The company, formally known as SLM Corp., is replacing its signature loan with a shorter-term version that requires students to make interest payments while in school. For many families, the move is expected to push private loans out of reach in an already tight credit market.

The upside is that the cost of a private student loan will be cut by about 40 percent, said Jack Hewes, chief lending officer for Sallie Mae, which is based Reston, Va.

Families would also repay loans between five and 15 years, compared with the previous 15 to 30 years. Despite the shorter term, Sallie Mae says the monthly bills upon graduation wouldn’t increase dramatically.

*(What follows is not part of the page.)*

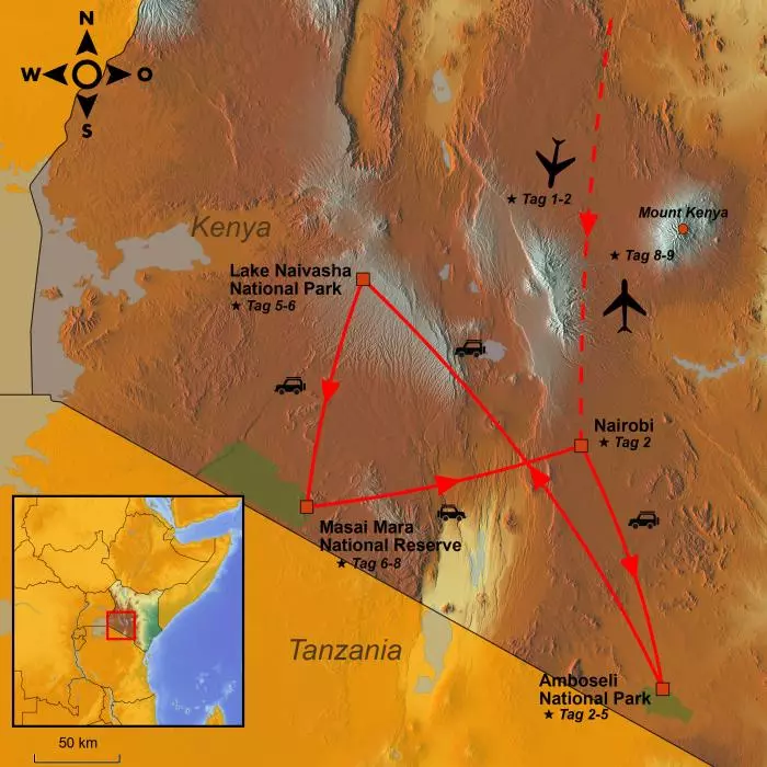 Bei dieser Reise erleben Sie die größten Highlights Kenias: Amboseli-Nationalpark, Lake Naivasha und Masai Mara. Die Reise endet mit einem entspannenden Badeurlaub auf der exotischen Insel Sansibar.

This is because the interest payments students make while in school would avoid negative amortization, where the loan balance grows because of deferred interest.

The loans will be available for the 2009-2010 calendar year.

As an example of how the loans will work, Sallie Mae paints the scenario of a student who wants to borrow $17,000 over two years.

For the first semester of freshman year, the student would pay $40 a month. That figure would rise each semester, reaching $160 by the second semester of sophomore year. The $160 monthly payments would continue until graduation.

Once out of school, the student would owe only the principal of $17,000.

This would be paid off over the next six years at $328 a month. Under the previous setup, the student would have repaid the money over 15 years at $250 a month.

The new requirement will lower the total cost of the loan to $28,000, compared to the previous $45,000.

For Sallie Mae, the impetus for the change is easy to see. Interest payments from students while they’re in school improves cash flow for the company, noted Mark Kantrowitz, publisher of FinAid.org, which tracks the college financial aid industry. The loans are also less risky since families that can’t pay while in school are weeded out.

Sallie Mae expects its default rate will drop substantially as a result of the change, Hewes said. In the last fiscal quarter, 4.5 percent of the company’s private student loans defaulted.

It’s not clear yet how the change will impact the volume of student loans that are made. But Sallie Mae projects it will issue between $5.5 billion to $6 billion in private student loans this year, down from the $6.3 billion in loans it made last year.

One reason loan volume won’t be hugely impacted is that banks and lenders have already tightened lending standards in the past year, Kantrowitz said.

In addition to lowering the total price of a loan, another potential upside of the change is that families will become more aware of just how costly private student loans can be.

“Students tend to over borrow, not realizing how much interest they’re paying. With this, students will know exactly what it’s costing them,” he said.

As a result, he noted that more will turn to cheaper federal loans and grants.